Bradley/Chelsea Manning, éclairage sur Slate

"Les mythes de l'affaire Manning", tout un programme... Car selon l'auteur Fred Kaplan, on entend un peu tout et n'importe quoi sur le soldat américain condamné à 35 ans de prison par un tribunal. Il ne restera sans doute pas 35 ans en détention. Bradley Manning (ou Chelsea, puisqu'il souhaite changer de sexe) peut dès maintenant demander une grâce et une réduction de peine, et il pourra le refaire tous les ans. On entend peu aussi que son avocat avait réclamé 25 ans de prison. Enfin, Slate affirme que non, cette affaire n'a rien à voir avec la volonté de l'administration Obama de poursuivre les informateurs, puisque Manning a été jugé par un tribunal militaire, sans aucun lien avec le gouvernement.

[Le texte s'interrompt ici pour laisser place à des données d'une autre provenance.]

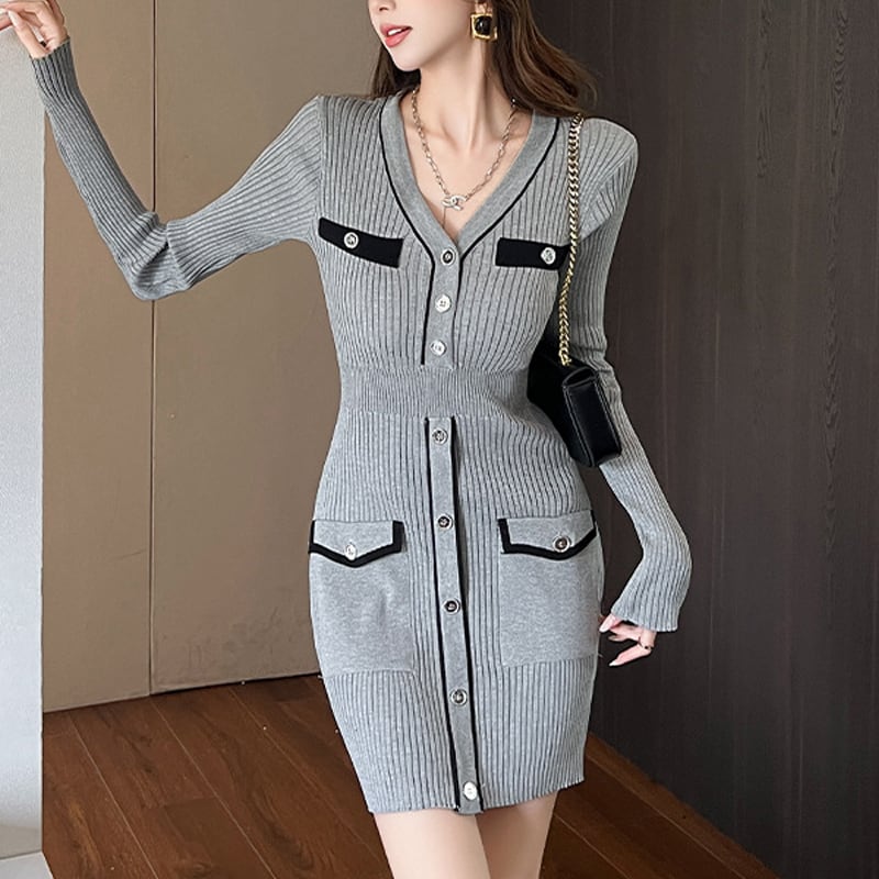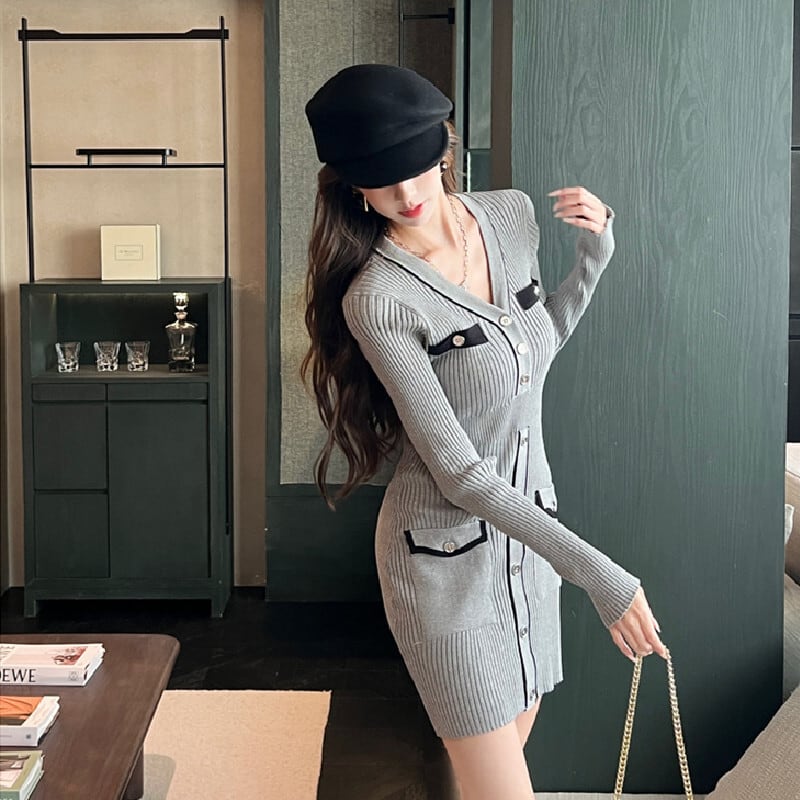 【CHERRYシリーズ】ワンピース Vネック 長袖 シンプル シンプル グレー
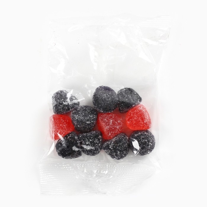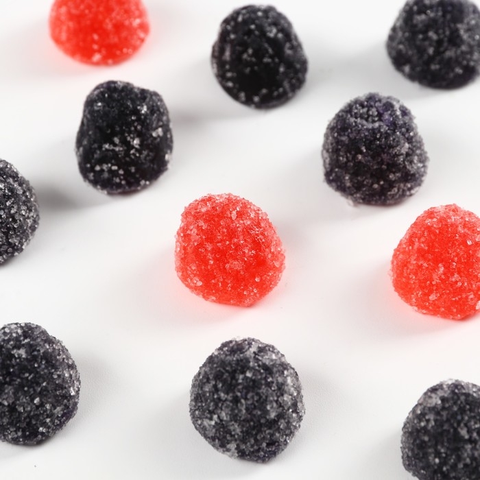 Состав: глюкозный сироп, сахар, агент желирующий – желатин, регулятор кислотности – лимонная кислота (Е330), молочная кислота (Е270), ароматизаторы: малина, ежевика, барбарис, красители пищевые: кармуазин (Е122), понсо 4R (Е124), индигокармин (Е132), чёрный блестящий PN (К151), глазирователь: растительное масло, карнаубский воск.
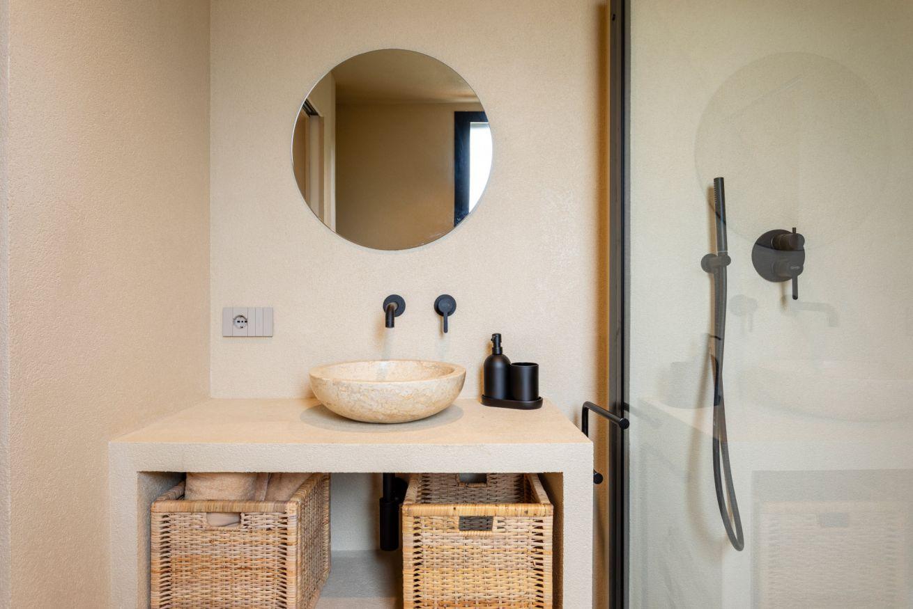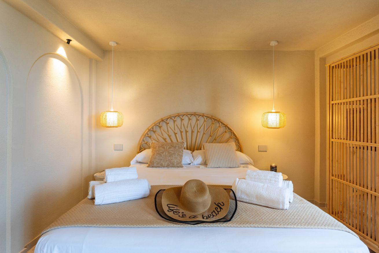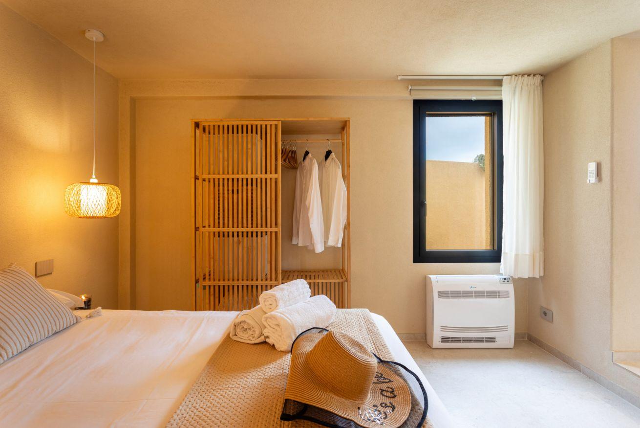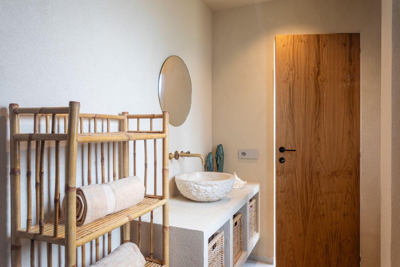 Inside, the villa is tastefully decorated with neutral colors, wood and rattan details, creating a warm and relaxing Mediterranean atmosphere.

Après "Laurel", "Hardy" quitte Microsoft

Un grand dirigeant américain poussé vers la porte... Ou plutôt vers la fenêtre puisqu'il s'agit de Steve Ballmer, PDG de Microsoft, l'éditeur de Windows. Il vient d'annoncer son départ en retraite après douze ans de bons et loyaux services comme successeur de Bill Gates. Le Figaro lui consacre une page dans son cahier économie. On y apprend que Gates et Ballmer travaillaient ensemble depuis 1980, mais surtout qu'ils étaient un peu les Laurel et Hardy du monde geek... D'un côté l'informaticien réservé, de l'autre le bouillonnant génie du marketing. Ballmer est connu pour ses interventions publiques assez surréalistes (il suffit de voir la photo choisie par les Echos ce matin, ou l'article du Huffington Post qui répertorie ses trips les plus étranges). Le Figaro évoque une vraie rockstar, bondissant sur scène et se chauffant la voix sur "I say a little prayer for you". Et vu le physique de rugbyman du bonhomme, ça doit valoir le détour.

Le désir pour toutes !

Plus léger certes mais un vrai sujet : Libération fait sa une sur le Viagra féminin. Concrètement ces médicaments en cours d'expérimentation aux Etats-Unis pourraient permettre à toutes les femmes de relancer voire de révéler leur libido. 10 à 30% des femmes n'éprouvent pas de désir sexuel, une vraie souffrance selon Libération.Pour Julie Muret, porte-parole de l’association «Osez le féminisme», la future pilule rose est même un pas de plus vers l'égalité hommes/femmes...

Echec et mat

On termine avec une pensée émue et même compatissante pour un confrère du Monde, Adrien Pécout, qui raconte dans le supplément sport du journal sa cuisante humiliation face à un champion d'échecs. D'autant que le champion en question, Wassel Bousmaha, n'a que huit ans. Alors certes le journaliste fanfaronne un peu dès le début du reportage en citant Lénine "les échecs sont la gymnastique de l'esprit", mais on a quand même de la peine pour lui quand il subit un mat en deux coups sur la première partie, avec le gosse qui éclate de rire dès le deuxième déplacement de pion.Il y a de quoi rager. Surtout quand l'entraîneur lance à son jeune protégé : "Même face à un débutant comme Monsieur Pécout, une partie d'échecs donne toujours l'occasion de s'améliorer alors reste concentré, Wassel".